This is the CSR structure in its idiomatic Arrow encoding — the two logical arrays cannot be two top-level columns because a RecordBatch requires equal column lengths. The list's offsets buffer is the CSR offsets array (length node_count + 1, Int64, starting at 0, monotone), and the flattened struct child is the targets array (length edge_count): neighbors of node_id = i are targets[offsets[i]..offsets[i+1]], zero-copy on read.

Conventions:

Empty graph: a zero-row batch — logical offsets == [0], empty targets. The offsets array is never empty.
Node with no neighbors: an empty list (offsets[i] == offsets[i+1]).
CSR rows cover exactly node_id ∈ 0..node_count; surrogates beyond node_count simply have no entries.
In-memory consumers (gf_exec::AdjacencyProvider, #760 — scan-build via ScanBuildAdjacencyProvider until the persistent loader, #761) see the logical offsets/targets model; the list encoding is a file-format detail (gf_storage::adjacency::CsrIndex on the storage side).

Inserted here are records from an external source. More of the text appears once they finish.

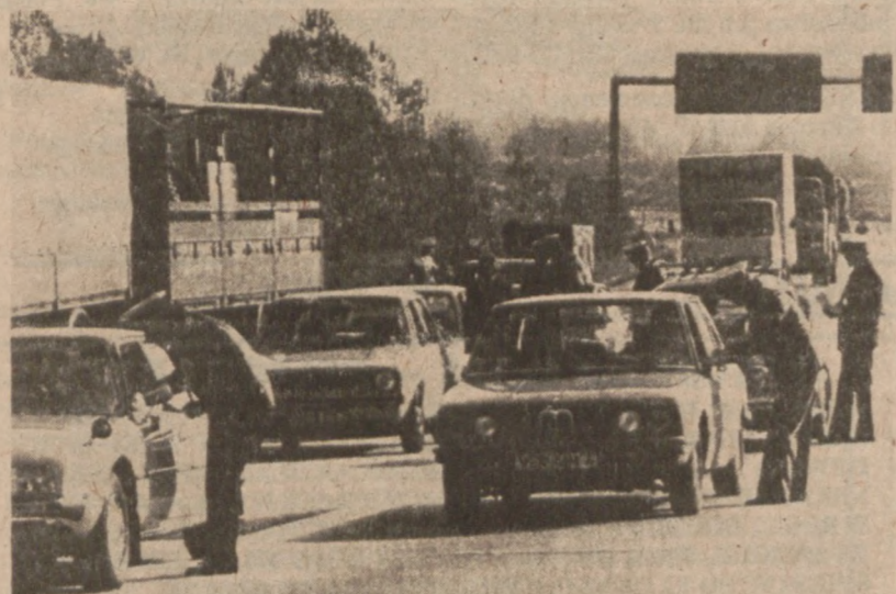
BREMA. — Policja w trakcie kontroli samochodów na przedmieściach Bremy. Całe Niemcy Zachodnie objęte są energiczną akcją policyjną, mającą na celu odnalezienie grupy terrorystów odpowiedzialnych za śmierć Hansa Martina Schleyera.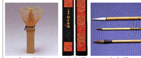
高山茶釜 奈良墨 奈良箆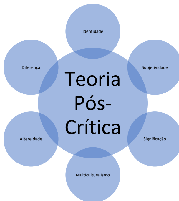
Figura 1.4: Síntese da Teoria Pós-Crítica. Segundo Pacheco (2014).

Tem como finalidade alcançar a fundação de uma educação mais democrática, inclusiva e participativa, que incentiva ao multiculturalismo e pluralidade de perspectivas. Esta teoria é relativamente recente, patenteando-se em constante evolução, sendo motivo de debates e reflexões por parte dos especialistas em educação.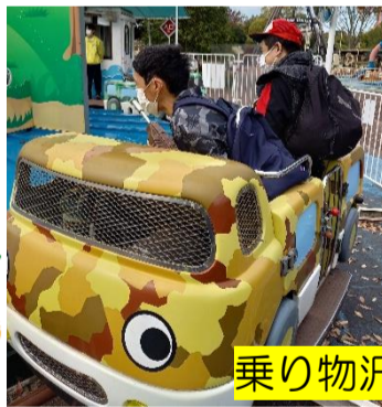
乗り物沢山乗ったね〜♪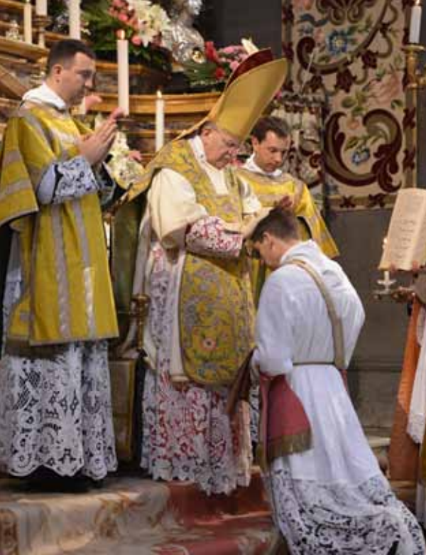
S.E.R. le Cardinal Burke imposant les mains aux nouveaux prêtres.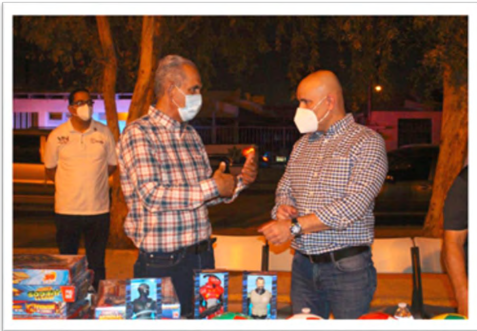
Participando y apoyando a residentes del Fraccionamiento Paseos del Sol, en evento de recaudación de fondos para mantenimiento y conservación de parque comunitario, en conjunto con Víctor Hugo Navarro Gutiérrez, diputado local del distrito II de Baja California. 15 septiembre 2020.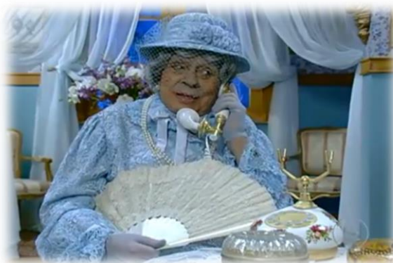
IMAGEM 7 – SALOMÉ E A LUTA CONTRA OS “HOMENS BOMBA” (07/05/2011)

No primeiro mandato da Presidente o cenário político em 2011 foi marcado por uma faxina ministerial realizada por Dilma Rousseff que, para combater a corrupção, afastou sete ministros, seis desses por denúncias de irregularidades. O que fez com a taxa de aprovação do governo Rousseff no primeiro mandato fosse alta, superando seus antecessores Luiz Inácio Lula da Silva, do PT e Fernando Henrique Cardoso, do PSDB (Valor, 2011). E foi nesse contexto que o humor político de Salomé foi ao ar novamente, desta vez, no programa Zorra Total (MemoriaGlobo, 2021I).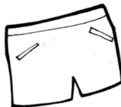
PANTALONCINI N° ...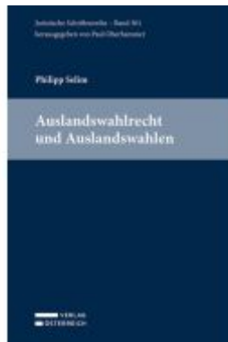
Auslandswahlrecht und Auslandswahlen Ladenpreis: 69,00EUR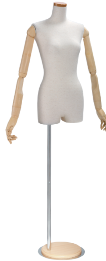
SL0850P-1N 芯地ニット Arm: SK0060-2 アイボリー Head: H-63 クリア Base: B-9P アイボリー S 高さ:72.0 B:77.0 W:56.0 H:81.5 肩幅 42.5 M高さ:76.0 B:82.0 W:61.0 H:85.0 肩幅 46.0 L 高さ:76.0 B:88.0 W:67.5 H:91.5 肩幅 48.0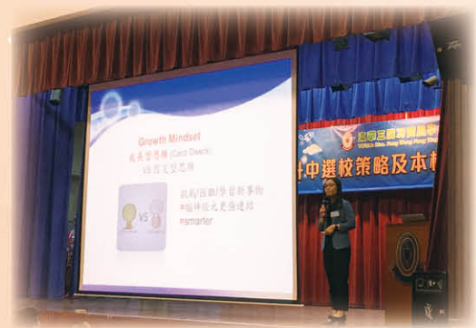
本校兩位副校長分別向區內家長解說升中選校策略，以及本校教學方式，家長反應熱烈，並踴躍發問

在升中講座當日，本校更開放多個課堂讓區內小學生體驗中學上課生活，並讓本校學生有機會與他們分享中學生活心得。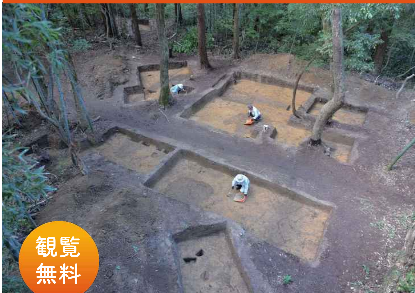
新たに発見された方形周溝墓(SZ743)調査風景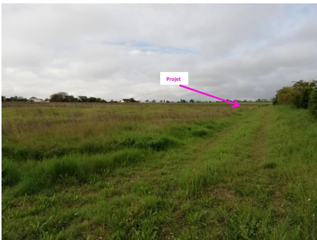
Photographies du 07 mai 2024 permettant de situer le projet dans son paysage lointain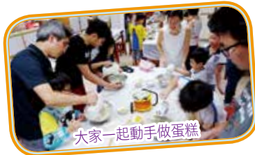
大家一起動手做蛋糕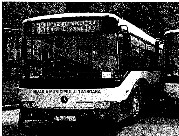
Tipuri de autobuze aflate în dotarea Regiei Autonome de Transport Timișoara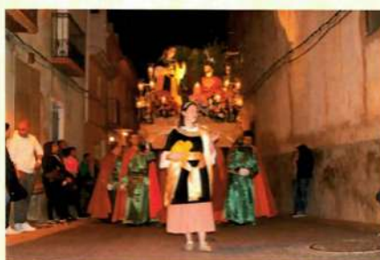
Samaritana viviente en Aspe. 2017.

En la propia Cofradía Califormia de Cartagena se da esta circunstancia, pues en 1993 se funda el Tercio Infantil Femenino de la Conversión de la Samaritana, pasando a estar su vestimenta inspirada en el traje que se le confeccionó a la imagen en el año 1985. Algo similar ocurre en otras poblaciones, como es el caso de Hellín, pero en ambos casos son filas de penitentes que visten de esta manera. Sin embargo, la tradición objeto de este artículo difiere de estas costumbres y es mucho más antigua. Sus características radican en que el cortejo procesional tiene la composición habitual, pero delante del paso procesional que representa el pasaje evangélico de Jesús y la Samaritana, aparece precediéndole una o varias niñas o jóvenes representando de forma viviente a esa mujer samaritana.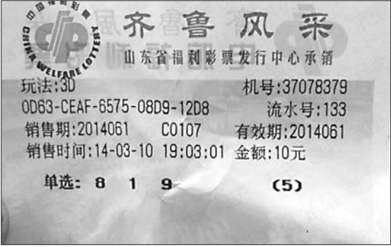
中奖彩票原件还在小杨手中。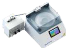
Установка нанесения адгезива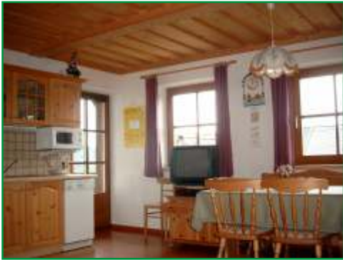
Wohnung 1 (62 m 2 )

Die zwei neuen Ferienwohnungen im Nebenhaus sind mit Küche (E-Herd, Kühlschrank, Geschirr und Geschirrspüler), Schlafzimmer, eigenem Kinderzimmer, Babyausstattung (auch Gitterbett und Kinderwagen), Bettwäsche, SAT-TV, Radio und Balkon ausgestattet.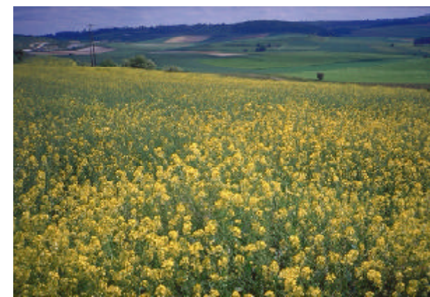
Le colza, matière première végétale pour la production de biocarburants.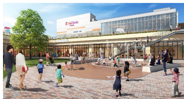
ららぽーと福岡 建物イメージ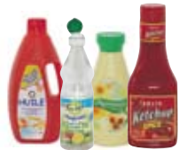
● Les bouteilles d'huile, vinaigrette, flacons de mayonnaise et sauce tomate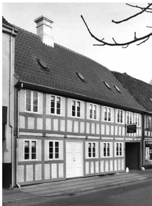
Klostergade 60, facade. Foto 1984 på Stadsarkitektens kontor.

Også han har ved siden af sin købmandshandel drevet rederivirksomhed.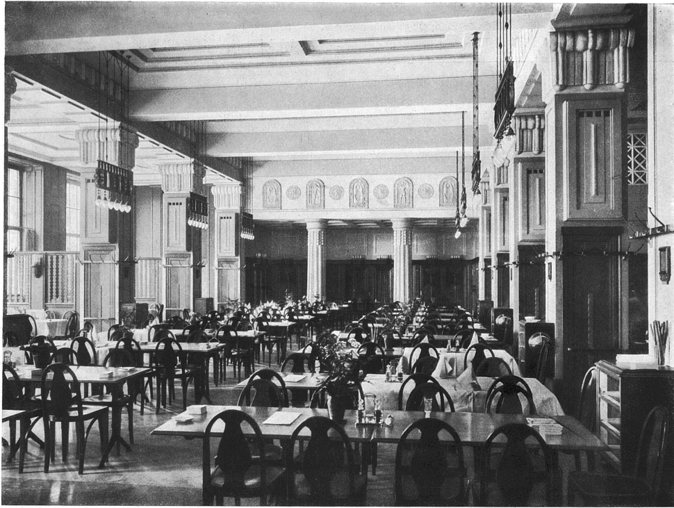
Das grosse Restaurant im Hause Du Pont zu Zürich. — Architekten Haller & Schindler, Zürich.

Schreinerarbeiten in geräuchertem Eichenholz mit Verwendung von helleren und dunkleren Hölzern von Rob. Furtwängler, Zürich; Stühle in dunkler Eiche mit schwarz; Decke und Säulen hell mit leichtem, stumpfen Grün; Wandbespannungstoff goldgelb; Linoleum grau mit schwarzen Einlagen.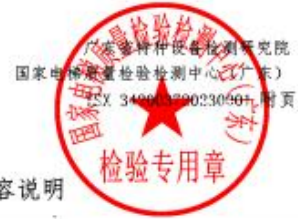
表4 本证书对应的各型式试验报告的内容说明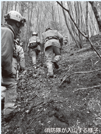
消防隊が入山する様子

令和8年4月22日(水)に岩手県大槌町で発生した大規模林野火災により、緊急消防援助隊の出動要請を受け、栃木県大隊の一員として出動しました。活動期間は令和8年4月24日(金)から5月2日(土)までの9日間にわたり、延べ24名の職員が昼夜を問わず建物や山林への延焼防止や警戒などの活動に従事しました。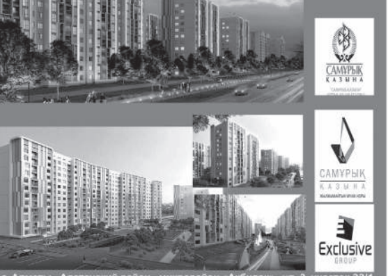
г. Алматы, Алатауский район, микрорайон «Ақбулак», ул. 3, участок 33/1.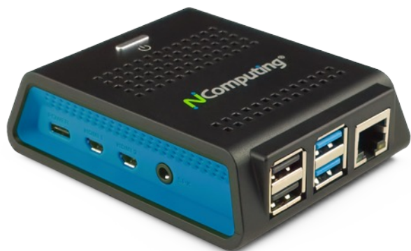
NComputing RX420 ThinClient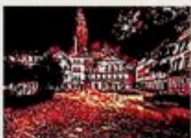
Andrzej Wierzechowski - "Zamek Alladyna"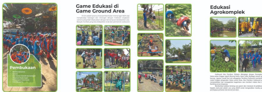
Gambar 9. Buku Profil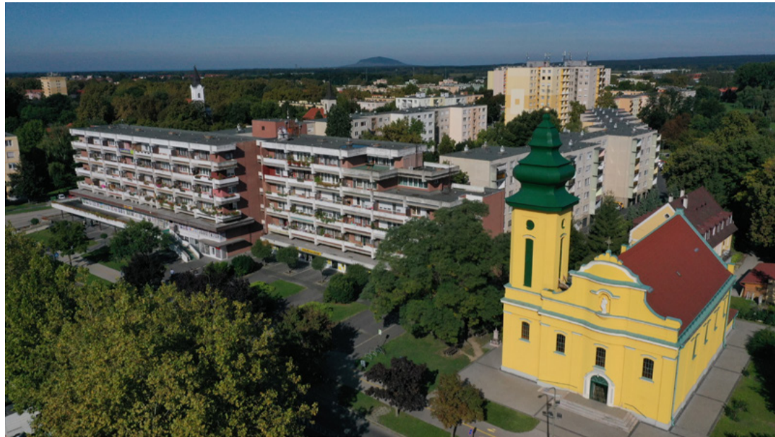
A belvárosi templom Ajkán. Isteni perspektíva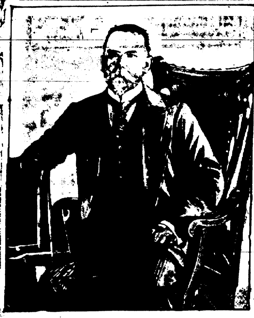
JOHN HAY, Secrétaire d'Etat.

qui fond soixante-quinze millions de dollars... Elle se joue de la parole et du bouclier du guerrier et se rit des précautions suggérées par la science.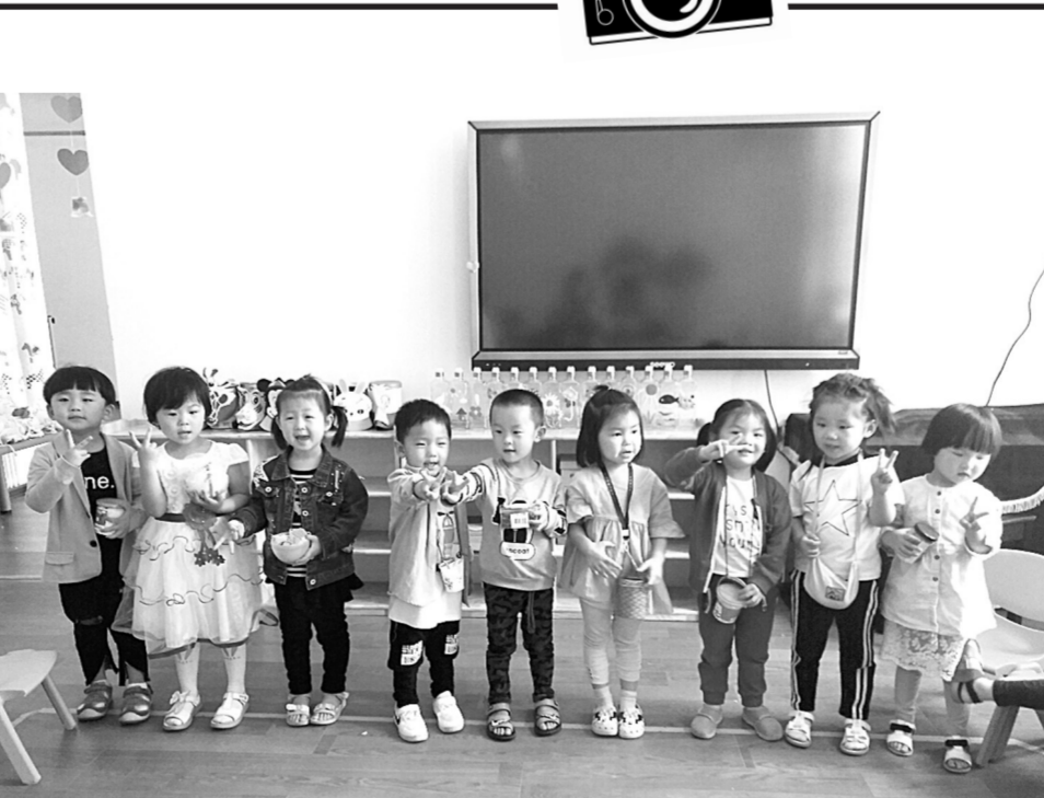
5月12日，郑州航空港经济综合实验区荷园幼儿园开展了“爱心护蛋，感恩母爱”的活动，让幼儿体验妈妈养育宝宝的辛苦，感受妈妈浓浓的爱。活动当天，每个孩子都用一个自制的“铠甲”小心翼翼地保护着自己的蛋宝宝。

Rebuild and versioning semantics¶

Source of truth. A CSR is always reconstructable from topology/edges/<REL_TYPE>.parquet alone, deterministically.
Counter persistence. The project topology_generation counter lives at topology/generation.json as {"topology_generation": N}, written atomically (sibling temp + rename). An absent file is generation 0 — safe, because every binary that writes indexes/adjacency/ also bumps, so no index manifest can predate the counter. The counter is machine-owned mutable state; it lives beside the topology it versions, not in the user-editable graphforge.yaml.
Bump rule. The counter is bumped immediately before committing any staged batch that rewrites topology/nodes.parquet or any file under topology/edges/ (including _exploratory.parquet) — one bump per committed batch (gf_storage::commit_topology_aware). Property-only writes (properties/, edge_properties/) never bump: properties cannot change adjacency.
Crash-safety invariant (bump-before-commit). A crash after the bump but before or during the commit leaves the counter advanced over unchanged topology: the index merely looks stale and is rebuilt — one spurious rebuild, correct results. The reverse order would be unsound: new topology under the old counter makes a stale index look fresh. Spurious bumps are safe; missed bumps are not.
Staleness detection. The provider compares the manifest's topology_generation against the current value. A corrupt counter file or manifest marks the index always-stale, never fresh.
Fallback. On mismatch (or absent index), the provider scans the typed edge tables and builds the adjacency in memory — yielding identical results, only slower. A stale or missing index can therefore never cause incorrect output.
Rebuild triggers. Lazy on first traversal when the indexes/adjacency/ capability is present, or explicit via forge.index("adjacency", ...). Incremental rebuild (append-delta + compaction) is deferred to v0.5.1.
Determinism (R-ADJ-2). Full rebuild streams each typed edge file once; out entries sort by (src_id, edge_id) and in entries by (dst_id, edge_id) — the edge_id tie-break makes the CSR bytes reproducible from topology/ alone. _all.{out,in}.csr are the same sorts over the union of all typed files plus _exploratory.parquet. The manifest's built_at is excluded from the determinism guarantee.
Build ordering. Builders write all CSR files first and index_manifest.parquet last, so a torn build reads as stale (absent/old manifest), never as fresh.
Loader semantics (gf_exec::PersistentAdjacencyProvider, #761). Freshness = manifest non-empty AND every row's topology_generation equals the current counter. Fresh + row present ⇒ load (adjacency=hit); stale or torn ⇒ lazy rebuild, then serve; fresh but no row for the requested relation ⇒ scan-build without rebuild (rebuilding cannot add an unknown relation — prevents a rebuild-per-query loop); corrupt counter or manifest ⇒ always-stale scan-build without rebuild (stamping needs a readable counter); capability dir absent ⇒ scan-build (adjacency=building). Typed-mode "*" bypasses the index entirely (pre-existing empty-scan behavior; reported as building, never a false miss). A build or load failure never fails the query — only its speed.
Direction. out and in CSRs are stored separately; undirected traversal unions them. In exploratory mode, _exploratory.parquet rows are routed by their rel_type_name column.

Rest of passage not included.